Canada's Dangerous Offender Legislation

  • Habitual Offender Provision

    Habitual Offender Provision
    In 1947 what we know now as the Dangerous Offender label, was the Habitual Offender provision. Based on the similar British legislation enacted in 1904 that targeted "persistent dangerous criminals engaged in the more serious forms of crime".
  • Criminal Sexual Psychopath Act

    Criminal Sexual Psychopath Act
    In 1948 further provisions were made from the following Habitual Offender Provision 1947. The provisons made were created so indeterminate sentences could be imposed on criminal sexual psychopaths, which was changed from the Habitual Offender to Criminal Sexual Psychopaths.
  • Dangerous Sexual Offenders

    Dangerous Sexual Offenders
    In 1960 the wording of crimnal sexual psychopaths was changed to Dangerous Sexual Offenders. This legislation could be imposed on people who were guilty of attempted or actual assault, i.e. rape, burglery, beastiality or gross indecency. A person guilty of one of these said crimes could be deemed a sexual offender after one conviction, their personality, history and circumstances were also taken into consideration.
  • Section XXIV

    Section XXIV
    The Quiment report found that the Habitual Offenders legislation was not effective.
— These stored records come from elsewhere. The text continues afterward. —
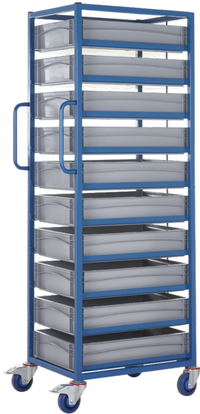
Complete with 10 x 120mm Containers
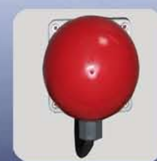
Emergency Foot Switch
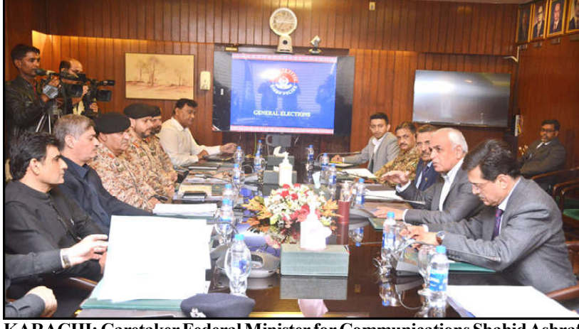
KARACHI: Caretaker Federal Minister for Communications Shahid Ashraf Tarar chairs a meeting of Election Committee to review security arrangements for upcoming General Elections 2024 at Sindh Secretariat.

Zampa, Mohammed Siraj, Kuldeep Yadav, Mohammed Shami. ICC also announced the Men's T20I and Women's ODI and T20I Team of the Year 2023. ICC Men's T20I Team of the Year: Yashasvi Jaiswal, Phil Salt, Nicholas Pooran, Suryakumar Yadav (captain), Mark Chapman, Sikandar Raza, Alpesh Ramjani, Mark Adair, Ravi Bishnoi, Richard Ngarava, Arshdeep Singh. ICC Women's ODI Team of the Year: Phoebe Litchfield, Chamari Athapaththu ©, Ellyse Perry, Amelia Kerr, Beth Mooney (wk), Nat Sciver-Brunt, Ash Gardner, Annabel Sutherland, Nadine de Klerk, Lea Tahuhu, Nahida Akter ICC Women's T20I Team of the Year: Chamari Athapaththu ©, Beth Mooney (WK), Laura Wolvaardt, Hayley Matthews, Nat Sciver-Brunt, Amelia Kerr, Ellyse Perry, Ash Gardner, Deepti Sharma, Sophie Ecclestone, Megan Schutt.
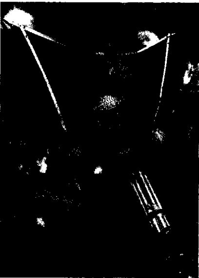
A Huli warrior in ceremonial costume

terest in, and warmth towards, visitors, despite the fact that many of them have a documented history of cannibalism!
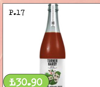
Turner Hardy 24 x 250ml
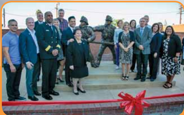
The Whittier Community Foundation Board of Directors

Crooked Gaff Kitchen is open Tuesdays – Thursdays from 3-10 p.m., Fridays and Saturdays 12-11 p.m., and Sundays 10 a.m.-3 p.m. including a special brunch menu. Visit them on Instagram (@cgk_2.0) and Facebook (@crookedgaff) for updates on menu items, new craft beers and special events.
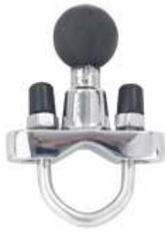
RAM-B-231CHU CHROME RAM WITH U-BOLT FOR 3/4" TO 1" DIAMETER
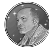
2023 Robert Heinlein Award Winner TBA

Sponsored by the Baltimore Science Fiction Society, a 501(C)(3) non-profit educational organization. PO Box 686 Baltimore, MD 21203-0686
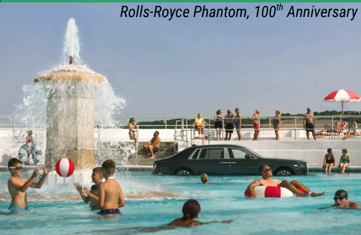
Rolls-Royce Phantom, 100 th Anniversary

In 1977a huge re-drafting took place. It enacted section XXIV, which contains the Dangerous Offenders and Long-time Offenders provisions. These provisons could deem an individual a Dangerous Offender because of serious injury offences, either sexual or non-sexual. They could be sentenced to an indeterminate or determinate period of incarrceration.
  • Becoming Dangerous

    Becoming Dangerous
    In 1988 the national parole board was allowed to detain offenders that had yet to be designated as dangerous. Statutory release can be withdrawn and offenders can be held to the end of their incarceration period in the interests of public safety, only if the national board felt that the offender was likely to re-offend in a sexual or violent manner.
  • National Flagging System

    National Flagging System
    1995, the National Flagging System was invented to track potential dangerous or long-term offenders. These high risk violent offenders are placed on the national CIPC system if they reoffend, steps will be taken to consider their dangerous offender or long term offender application.
  • Bill C-55

    Bill C-55
    In 1997 Bill C-55 made a couple changes to the dangerous offenders section in the criminal code the changes that took place were changing the parole period from three years to seven years. Bill C-55 introduced the "long term offender" definition, "long term supervision orders" that can be held up to 10 years, and it also outlined the new "fear of personal injury offence".
  • Tackling Violent Crimes Act

    Tackling Violent Crimes Act
    In 2008 the Tackling Violent Crimes Act aimed to better protect the public in order to do this they declared more offenders as dangerous, which results in keeping them behind bars longer. Individuals convicted of three serious crimes have a minimum of two years to be considered a dangerous offender.
  • Bill C-2

    Bill C-2
    In 2008, Bill C-2 shifted onus on to the offender, it was no longer the crown attorneys task to prove that the offender on trial is dangerous but instead the offenders task to prove that he is not dangerous nor a threat to society. It is up to the crown to decide in open court to pursue a dangerous offender application, Bill C-2 was passed to increase the number of dangerous offender applications.
  • Today's Dangerous Offender Legislation

    Today's Dangerous Offender Legislation
    Today in Canadian Criminal Law a person convicted and who is designated a dangerous offender can be subjected to an indeterminate prison sentence even if the offender's crime does or doesn't carry a life sentence. Its purpose is to keep violent and dangerous people away from harming society. After 7 years the parole board reviews the case, parole may be granted after the initial review. The parole board must review the case every two years.